Беседка была круглая и вместительная. За столиком, вкопанным в землю, резались в домино, и среди забойщиков - Карпухин, поспел и сюда. Он почесывал костяшками стриженый затылок, с невероятным треском лупил ими по доскам, рыча: "Дуплюсь! Гуляйте мимо!" Старшина Дударев, его партнер, посмеивался, вдохновлял: "Врежь, врежь, Карпухин!" Противники лениво отругивались, но стучали костяшками о стол с неменьшей мощью. На скамейке худой, узколицый Шмагин травил коротенькому и толстенькому Лазебникову анекдоты. Шмагин - знаток анекдотов. Недавно к нему мать приезжала из Киева - проведать. Пропуск раздобыла, остановилась в селе. А Шмагин страшно конфузился. С чего, собственно?

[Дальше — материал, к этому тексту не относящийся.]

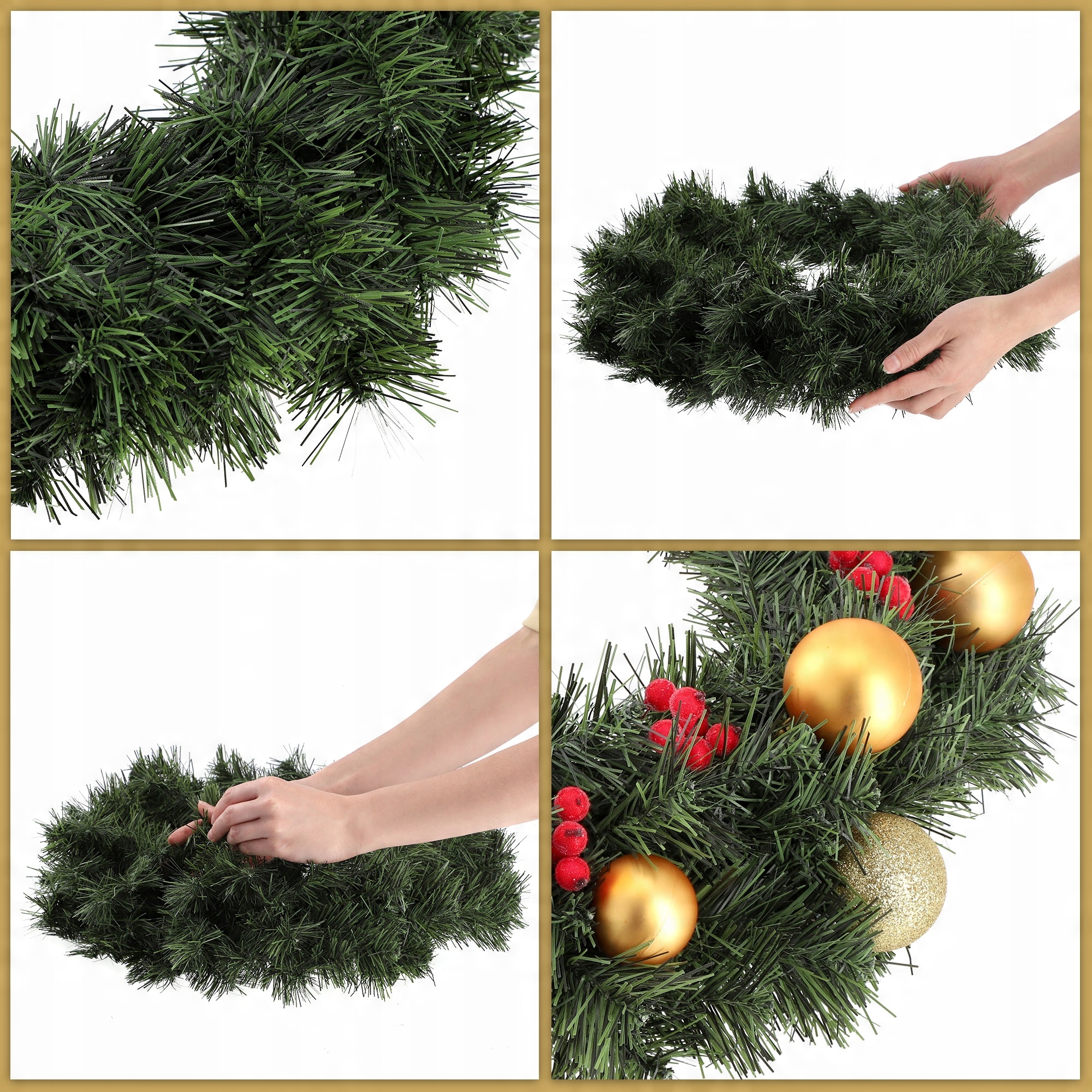 ⭐DURABLE – різдвяний віночок виготовлений з високоякісного ПВХ матеріалу, що не тільки впливає на його довговічність. Це матеріал, який не втрачає колір і не змінює структуру. Різдвяний вінок прослужить вам багато років, як всередині, так і зовні.
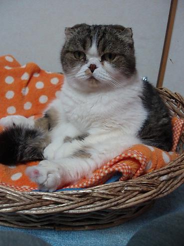 愛するもの:朝昼夜寝とスコ座り スコ座りのプロ。耳折れスコのはずだが、アメリカンカールも入っているかも? ハートブレイクっ鼻の持ち主。 腰に寝癖がチャームポイント・・・ 手足しっぽの短さには定評がある 写真を撮られるのが大きらい。
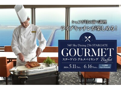 関西国際空港の対岸にある地上256mの超高層ランドマークタワー、スターゲイトホテル関西エアポート(所在地:大阪府泉佐野市りんくう往来北1番地)は、54階 スカイダイニング256「スターゲイト」にて、2024年5月11日(土)~6月16日(日)までの土曜・日曜限定でライブキッチンが楽しめる「スターゲイトグルメバイキング」を開催いたします。
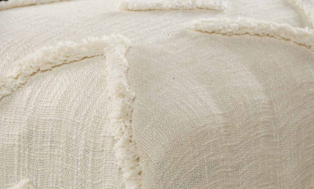 47" Cream and Black Cotton Upholstered Geometric Bench
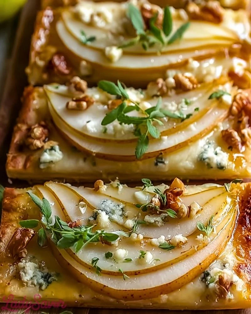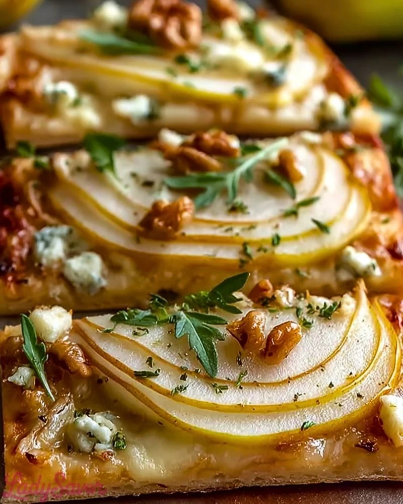 Elegant Pear & Gorgonzola Flatbread is proof that simple ingredients can come together to create something extraordinary. Whether served as an appetizer, light meal, or party dish, its gourmet appeal and delightful flavors never disappoint. With crisp edges, creamy cheese, juicy pear, and that honeyed finish—it’s a dish that will impress every time.
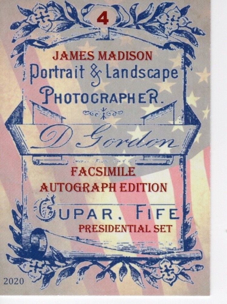 JAMES MADISON Presidential ACEO Portrait D. Gordon Facsimile Autograph PHOTOS SHOW FRONT AND BACK OF THE CARD YOU WILL RECEIVE 1 CARD APS #96033 STOCK PHOTOS UNLESS OTHERWISE MENTIONED BLACK DISPLAY HOLDERS ARE NOT INCLUDED TO RECEIVE FREE SHIPPING YOUR PURCHASES MUST BE ON ONE INVOICE TO SAVE ON SHIPPING, COMBINE YOU PURCHASES ON ONE INVOICE. IF YOU MAKE MULTIPLE PURCHASES AND DO NOT COMBINE THEM ON ONE INVOICE THEY WILL SHIP SEPARATELY.
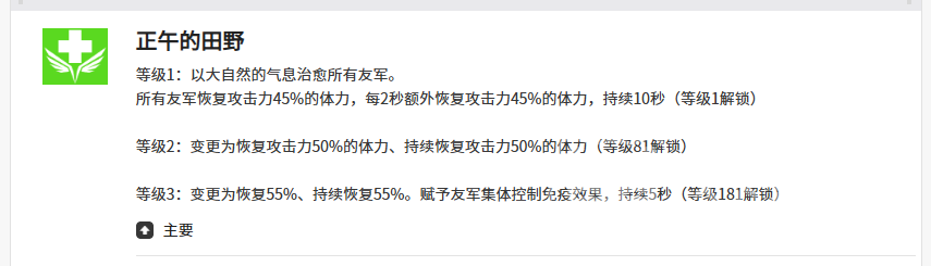 一技能【正午的田野】是克拉拉的基础群疗手段。释放后立即为全体友方单位恢复相当于她攻击力45%的生命值,并在后续10秒内每2秒额外恢复一次,形成多段治疗。该技能升至3级后,初始治疗量提升至攻击力的55%,且额外赋予全体队友10秒内免疫控制效果——此特性需角色达到181级方可解锁。
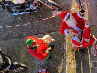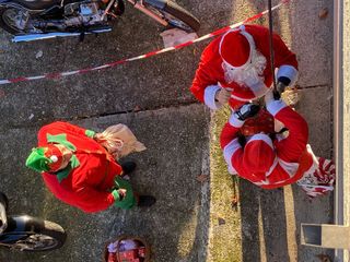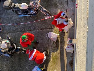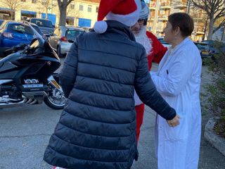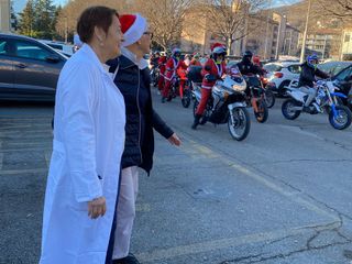 I Babbi Natale del Motoclub Verbania 2.0. sono arrivati, alle 15.00p come promesso, sotto le finestre del reparto di Pediatria del Castelli con i sacchi pieni di doni per i piccoli pazienti. Insolita la modalità di consegna. I sacchi sono stati recapitati via fune, dal personale del reparto e dai volontari di Abio (associazione bambini in ospedale).
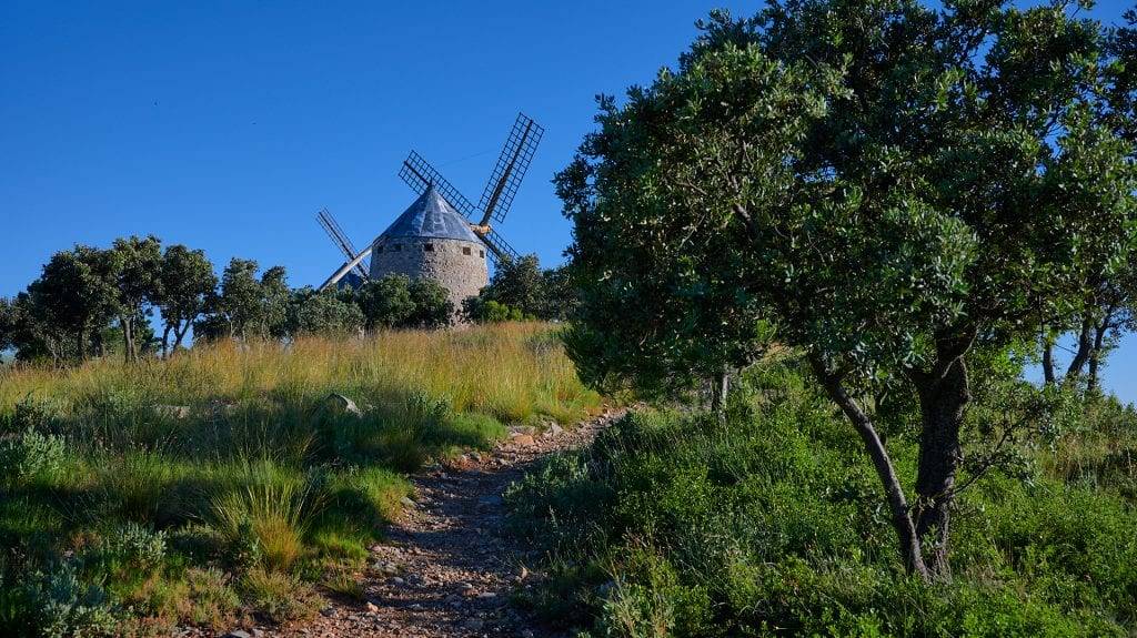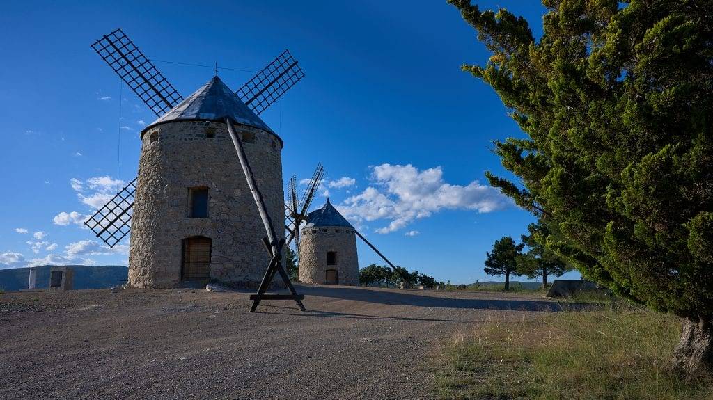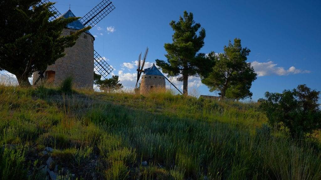 Hemos llegado a nuestro destino. Sobre el denominado Cerro de los Molinos encontramos dos molinos harineros del siglo XVII y los restos de la que fue la casa del molinero. Gracias a la documentación que se encuentra en el Archivo Municipal de Alcublas, se sabe que hasta el 1890 estuvieron en funcionamiento. En esta imagen puedes ver el estado en el que se encontraban en 1960. Han sufrido varios intentos de recuperación, pero por fin, en este 2020, se finalizó una intervención acorde a los materiales y usos originales de su construcción.
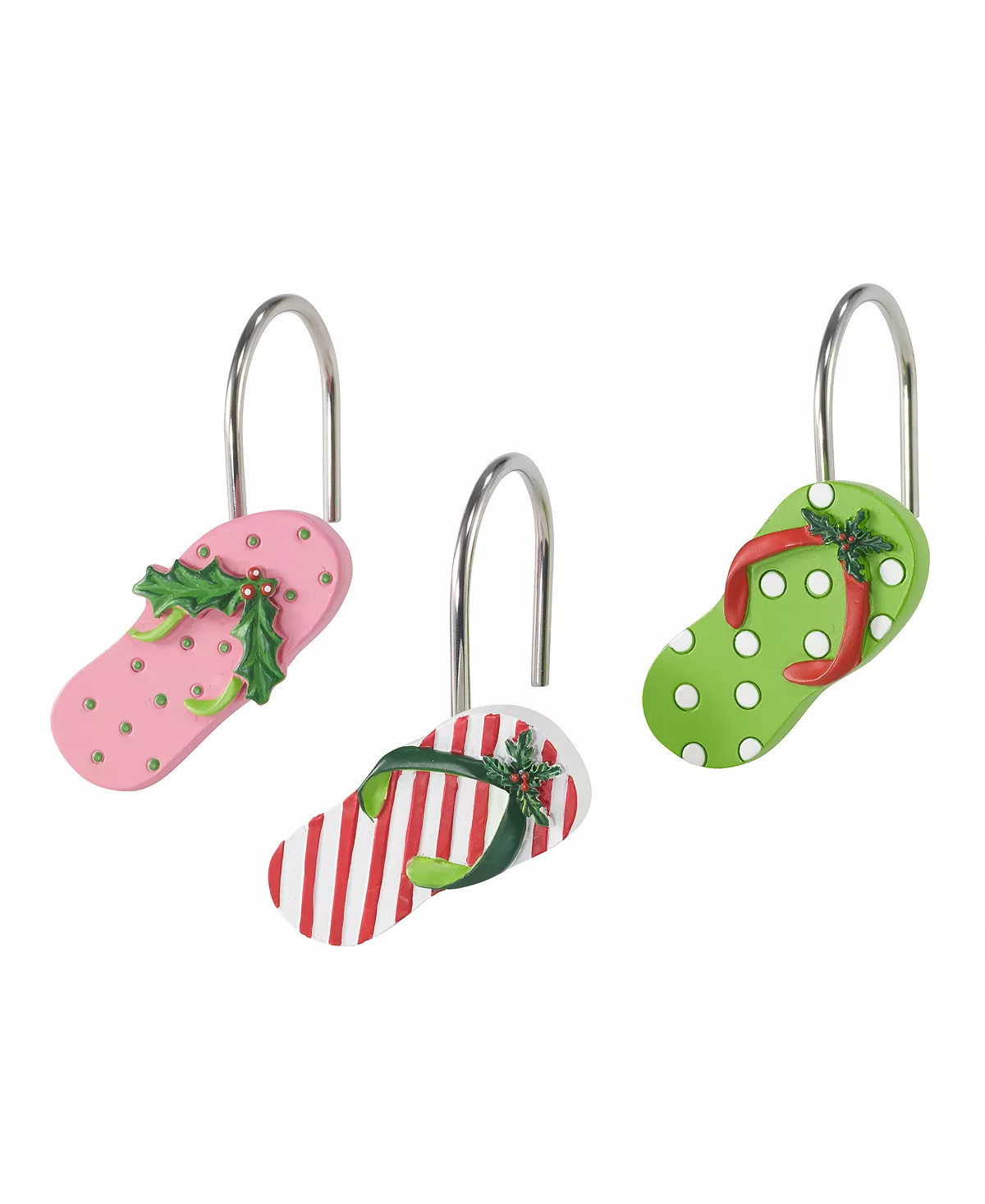 The Avanti flamingo jingle shower curtain hook set features 3 festively decorated flip flops in shades of red and green with holiday accents. Made of durable hand painted resin for long life and easy care.
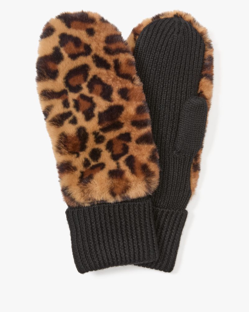 Kate Spade,Leopard Faux Fur Mittens,Polyester,Mittens,Fur Embellishment,Casual,Multi Color
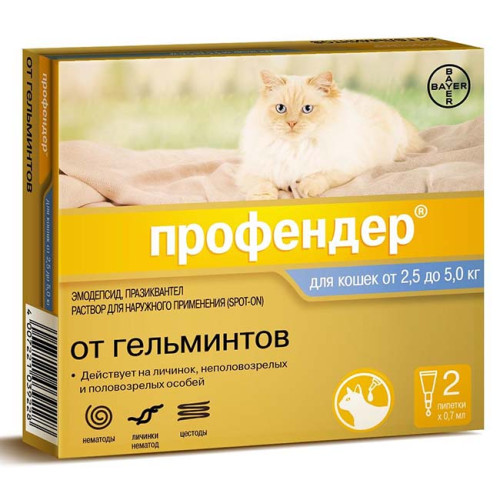 Профендер 2,5-5 кг (в упаковке 2 пипетки) (от гельминтов)
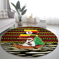 Uganda Christmas Round Carpet with Santa in Canoe Christmas Tree Uganda Map Flag and Black Red Yellow Tribal Pattern Design
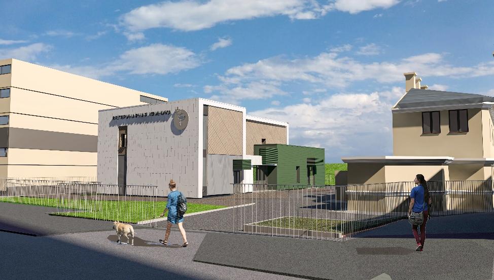 Лечебница разместится рядом с уже действующей ветклиникой. В здании предусмотрены холл, процедурные кабинеты и аптечный пункт. Хозяйственно-бытовые, служебные и технические помещения, а также кабинет вакцинации расположатся в одноэтажной части строения и будут иметь отдельные входы.
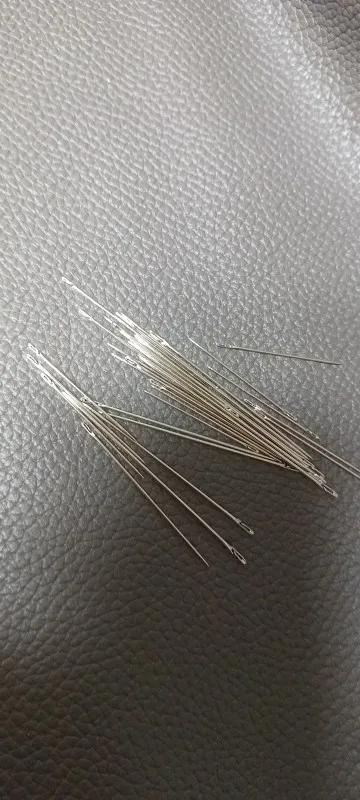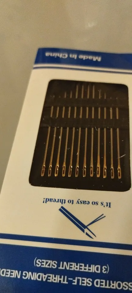 Quality sewing needles with a slot to easily insert the thread plus the ear in color, very comfortable
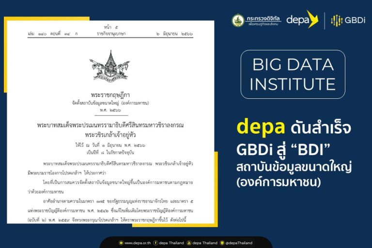 "ที่ผ่านมา กระทรวงดิจิทัลเพื่อเศรษฐกิจและสังคม โดย ดีป้า มุ่งขับเคลื่อนให้เกิดการใช้ประโยชน์จากข้อมูลขนาดใหญ่ ซึ่งถือเป็นวาระสำคัญระดับชาติโดยการดำเนินงานของ สถาบันส่งเสริมการวิเคราะห์และบริหารข้อมูลขนาดใหญ่ภาครัฐ (GBDi) หน่วยงานในสังกัด ด้วยการทำงานของกลุ่มคนรุ่นใหม่ มีภารกิจสำคัญในการขับเคลื่อนให้เกิดการใช้ประโยชน์จากข้อมูลขนาดใหญ่ทั้งภาครัฐและภาคเอกชน โดยบูรณาการการทำงานไปแล้วกว่า 100 โครงการกับ 67 หน่วยงาน พร้อมกันนี้ยังมีการพัฒนาแพลตฟอร์มเชื่อมโยงข้อมูลสุขภาพ (Health Link) ระบบรวบรวมข้อมูลด้านการท่องเที่ยว (Travel Link) ระบบเชื่อมโยงข้อมูลเด็กและเยาวชน (Youth Link) และระบบเชื่อมโยงข้อมูลเพื่อการบริหารสถานการณ์การแพร่ระบาดของโรคติดเชื้อไวรัสโควิด-19 (CO-Link) เพื่อเป็นประโยชน์สำหรับประชาชนไทย ซึ่งการยกระดับสู่ BDI ในครั้งนี้จะเป็นกำลังสำคัญในการยกระดับเศรษฐกิจและสังคมของประเทศด้วยข้อมูลขนาดใหญ่อย่างเป็นรูปธรรม"
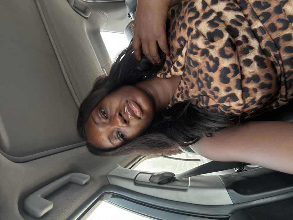The image depicts an adult female inside the front passenger compartment of a vehicle

Да будь у меня мать, я бы только радовался ее приезду!
Буров вдыхал глубоко и вполуха прислушивался к очередному анекдоту, к рыку Саши Карпухина: "Рыба! Ваши карты, господа!" - к лягушиному кваканью и еще к чему-то, чего не улавливал, и слава богу. Если б улавливал, то чувствовал бы не покой и умиротворенность, а тревогу и глухую, враждебную угрозу. И те, кто сидел за столиком и на скамейках, тоже частенько поворачивались к Бугу, задирали головы в небо - везде тихо, и люди про должали курить, играть и балагурить. Лишь замполитрука Кульбицкий, пощипывая гитарные струны, сказал:
- За Бугом, как за богом?
А что, так и есть, справедливо выразился давеча капитан из округа: вы здесь, за Бугом, как за богом, не паникуйте. Мы не паникуем. Которые на противоположном берегу, друзья ли, враги ли, черт их разберет, еще должны будут преодолеть реку, а на нашем берегу - окопы и блокгаузы. Небось углядели ихние наблюдатели, как мы орудовали лопатьем. А подальше - укрепрайон, доты, в глубине тыла - полевые войска, ну-ка сунься! Справедливо высказывался окружной капитан: на провокации способны, на большее пороху не хватит. Зря, что ли, сверху указывают: не поддавайтесь на провокации - и все. А сверху видней, безусловно.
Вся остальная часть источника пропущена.